Write the data out again, character for character, with no images.

Data block:
▶
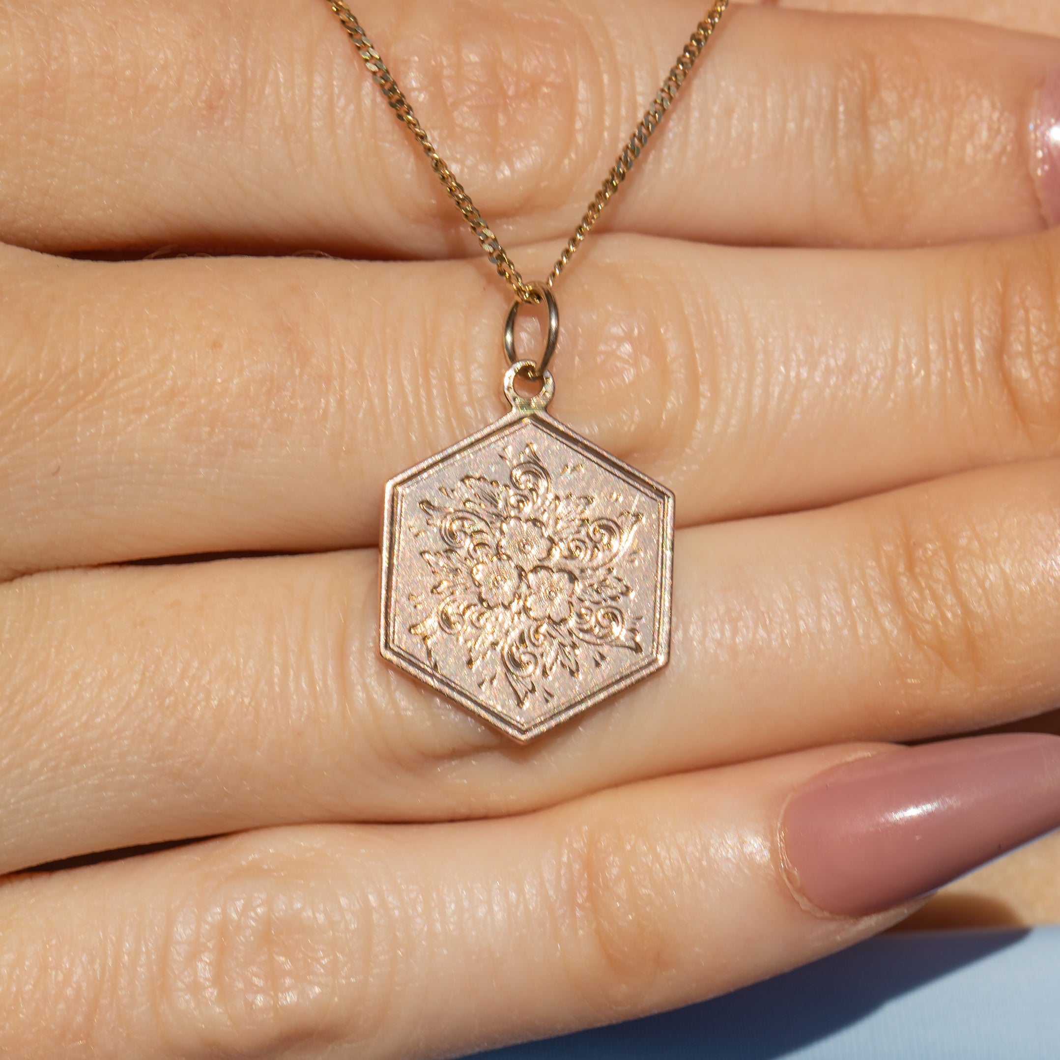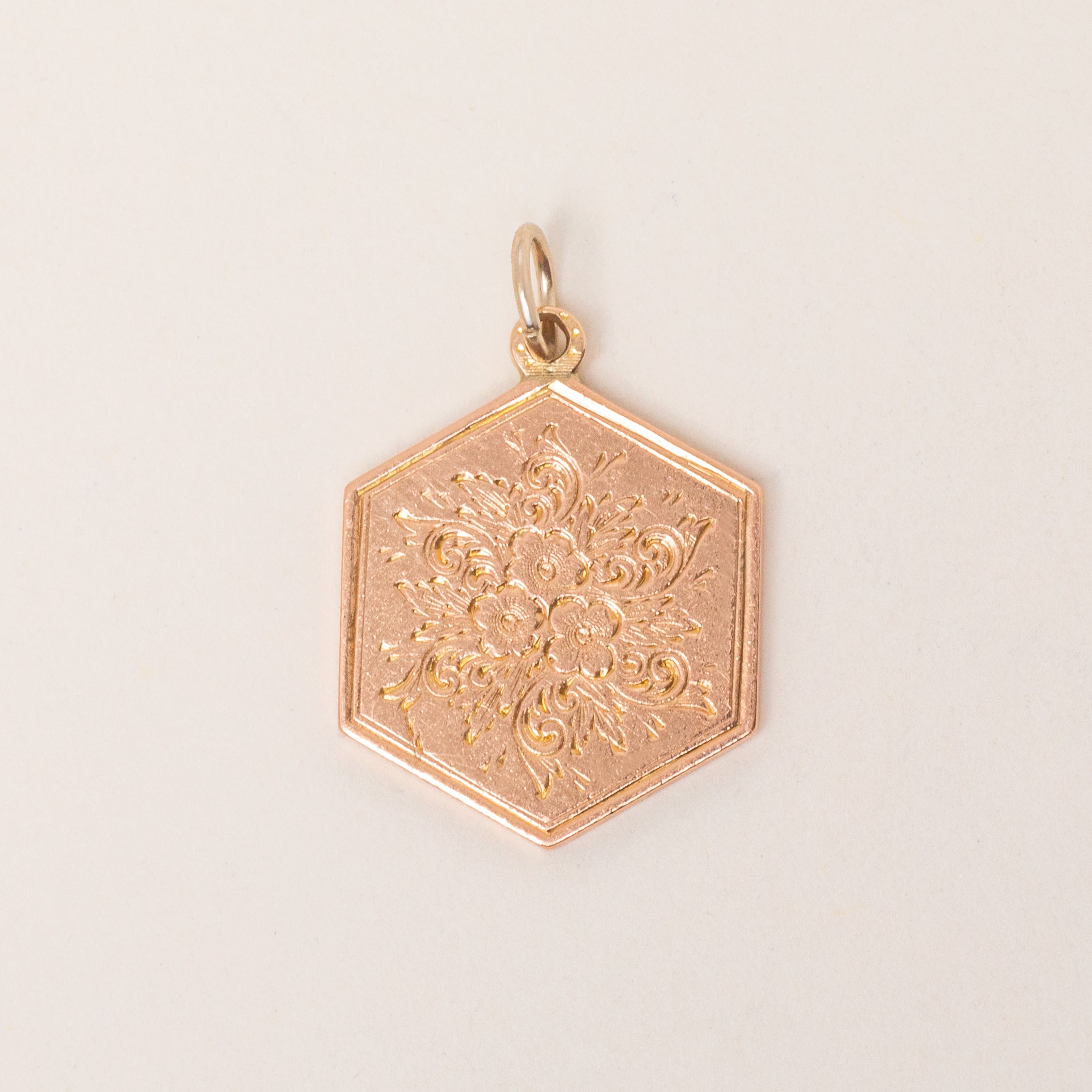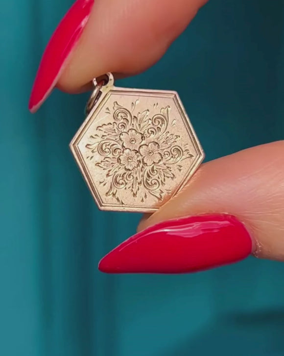 This antique 9ct Gold engraved forget-me-not pendant has been crafted from a beautiful rosy-hued Gold! Featuring playful engravings of forget-me-not flowers, this Gold pendant is in gorgeous ready-to-wear condition.
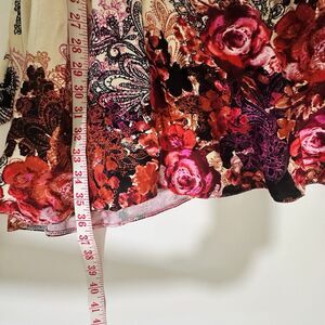 This elegant floral midi dress features a stunning blend of red and purple hues. Perfect for any occasion, it offers a flattering fit and timeless style.
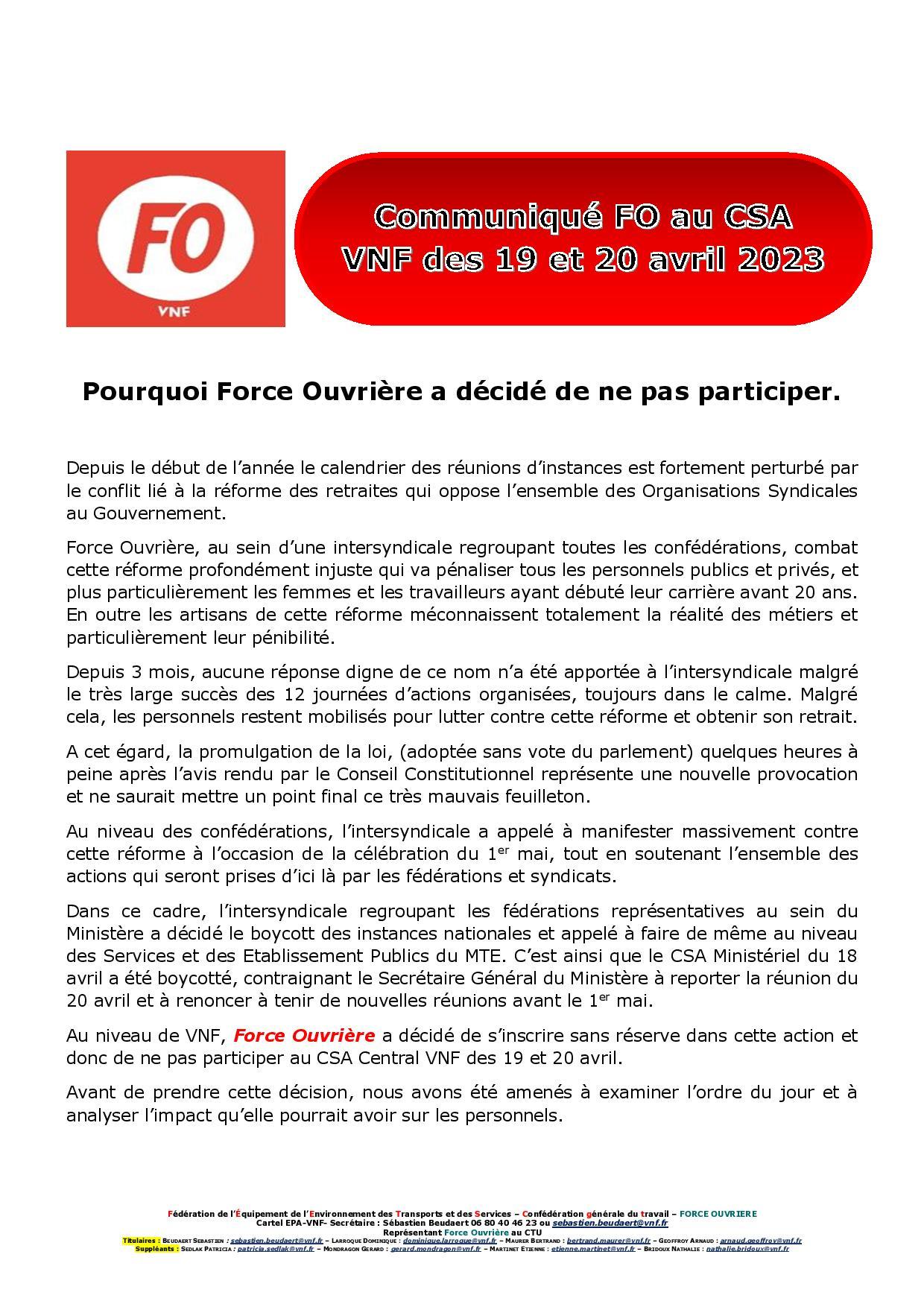 Pourquoi FO a décidé de ne pas participer au CSA des 19 et 20 avril Communiqué 19 avril 2023 Malvina Caubère
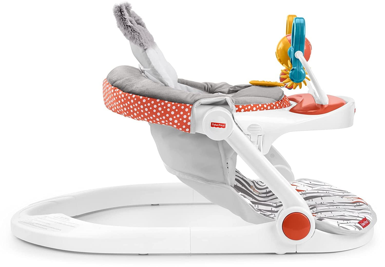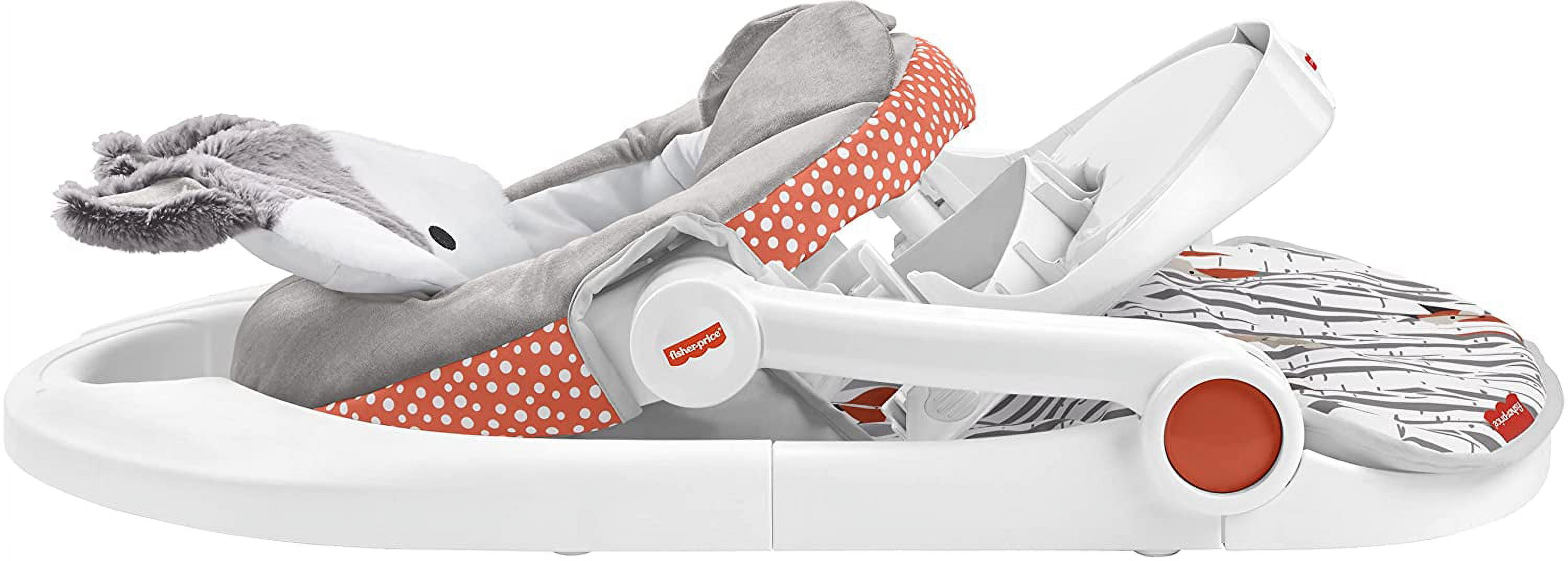 Forest-themed, portable infant chair that helps support your baby in an upright position Extra-soft fabrics, plush fox head rest, and 2 crinkle “paws” with a squeaker underneath for sensory play Removable toy bar and dishwasher-safe snack tray for convenient play and feeding Machine-washable, Peek-a-boo Fox seat pad Folds flat for space-saving storage or travel
◀
Exercise response:
 This antique 9ct Gold engraved forget-me-not pendant has been crafted from a beautiful rosy-hued Gold! Featuring playful engravings of forget-me-not flowers, this Gold pendant is in gorgeous ready-to-wear condition.
 This elegant floral midi dress features a stunning blend of red and purple hues. Perfect for any occasion, it offers a flattering fit and timeless style.
 Pourquoi FO a décidé de ne pas participer au CSA des 19 et 20 avril Communiqué 19 avril 2023 Malvina Caubère
 Forest-themed, portable infant chair that helps support your baby in an upright position Extra-soft fabrics, plush fox head rest, and 2 crinkle “paws” with a squeaker underneath for sensory play Removable toy bar and dishwasher-safe snack tray for convenient play and feeding Machine-washable, Peek-a-boo Fox seat pad Folds flat for space-saving storage or travel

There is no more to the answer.